Background information
- Also known as: 9090gate; gatevisions; londonssaviour; Etna;
- Born: Vincenzo Nischal Camille Bhatia 29 January 2005 (age 21) Ilford, East London, England
- Origin: London, England
- Genres: Cloud rap; UK underground rap;
- Occupations: Rapper; record producer;
- Years active: 2020–present
- Label: EtnaVeraVela

Signature

= Fakemink =

British rapper and producer (born 2005)

Vincenzo Nischal Camille Bhatia (born 29 January 2005), known professionally as Fakemink (stylised in lowercase) and previously 9090gate, is an English rapper and producer. He has been credited with popularising the UK underground rap scene.

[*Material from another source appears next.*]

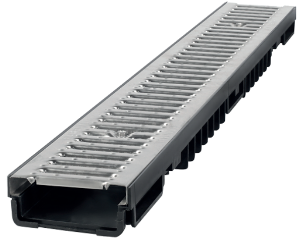
Technical sections of linear drain

His notable releases include the viral single "Easter Pink", his debut mixtape, London's Saviour, as well as the EP The Boy Who Cried Terrified. His debut studio album, Terrified, released on 22 May 2026.

==Early life==
Vincenzo Nischal Camille Bhatia was born on 29 January 2005 in Ilford, East London and was raised there subsequently until the age of 5. After which, his family moved to the town of Basildon in Essex. He is of Indian Punjabi and Algerian descent. He began making music in FL Studio when he was nine years old, on a pirated version of FL Studio from his father's hard drive.

==Career==
Camille began his career under the name 9090gate; his first track on Spotify, "Tropical Remix", was a collaborative effort with fellow British rapper EsDeeKid and was listed to have been released August 19th 2024.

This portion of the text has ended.